The gag order put on the case two years ago has prevented the truth from coming out about Kermit Gosnell: That’s the argument Gosnell’s lawyer Jack McMahon opened with this morning at the criminal justice center in Philadelphia.

Gosnell is the 72-year-old doctor charged with murdering a 41-year-old Bhutanese emigrant named Karnamaya Mongar and seven nameless babies in a West Philly abortion clinic that went without state inspection for years while allegedly providing abhorrently substandard care.

According to McMahon, however, there simply was no “house of horrors,” as alleged in the grand jury report and media; the defending attorney spat out that phrase with theatrical disgust. Rather, McMahon — a distinct-looking character with a jaw set like a bulldog and a bald freckled head that works up to a shade of crimson while passionately making his case — tried to recast the alleged murderer as an imperfect doctor dedicated to serving poor people in his “urban” community.

After reminding jurors about the legal presumption of innocence, McMahon revealed his main theme: Gosnell, he said, a black man, is a victim of an “elitist, racist prosecution.”

The majority of the jurors are black.

It’s a strange twist in an already puzzling case, and a particularly interesting argument for McMahon to make, given his role in a past scandal centered on selecting jurors based on race. In 1997, McMahon — then a prosecutor — unsuccessfully challenged former D.A. Lynne Abraham for District Attorney. Shortly after he announced his candidacy, a controversial video surfaced wherein he was seen teaching lawyers questionable techniques for gaming the jury-selection process by using race as a criterion.

“The blacks from the low-income areas are less likely to convict,” McMahon said in the video. “I understand it. It’s an understandable proposition. There’s a resentment for law enforcement. There’s a resentment for authority. And as a result, you don’t want those people on your jury.”

Aside from McMahon’s history, racism makes a doubly ironic argument for the defense to deploy given the role race played in Gosnell’s clinic operations, according to a former employee interviewed by the grand jury in 2010.

Forty-five-year-old Tina Baldwin, who’ll be a witness for the prosecution, testified to the grand jury that a separate room in the clinic was reserved for white women only, and that while untrained staff were free to administer drugs to brown and black women without supervision, Gosnell insisted on being personally briefed on the status of white patients. “The … black population was … big here,” Baldwin told the grand jury. “So he didn’t mind you medicating your African-American girls, your Indian girl, but if you had a white girl from the suburbs, oh, you better not medicate her. You better wait until he go in and talk to her first.”

McMahon argued that the grand jury report was a “not valid” version of events. He said that when Gosnell earned his MD back in 1969, the young doctor rejected offers to join lucrative OB/GYN practices in New York City or Washington, DC in order to serve the mostly low-income residents of Mantua, a neighborhood in West Philadelphia: “He was dedicated to the poor.”

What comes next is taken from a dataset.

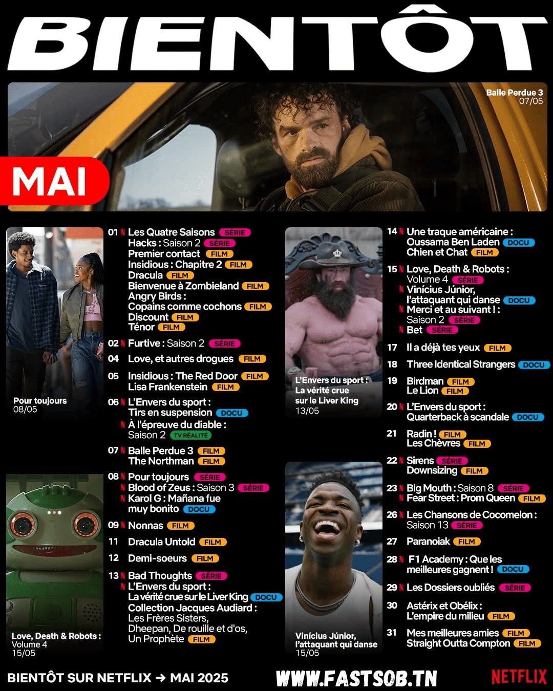 Le mois de mai 2025 s’annonce palpitant pour les abonnés de Netflix. Avec près de 9 nouveaux films et séries disponibles dès le 1er mai, il y a de quoi se réjouir ! Que ce soit des drames touchants, des comédies acides ou des thrillers palpitants, voici ce qui vous attend ce mois-ci.

McMahon also said that the complication rate for abortions at Gosnell’s clinic was “1 in 400,” though it’s unclear where that statistic came from, given that the grand jury report alleged that Gosnell routinely fudged his records, that no outside entity inspected the clinic for years, and that local medical providers who fixed the clinic’s botched procedures and infections from dirty tools failed to report to the state.

Some former patients of Gosnell’s will take the stand in defense of the doctor. “Take the patients’ word for it!” McMahon implored jurors.

Perhaps, he said, jurors would conclude that all the clinic’s equipment was not up to date, and that they themselves would not like to have been patients there. “Maybe he’s not the best doctor,” McMahon granted. But he asked jurors to remember this was a clinic operating not in the “ivory tower,” but in the “nitty-gritty of West Philadelphia.”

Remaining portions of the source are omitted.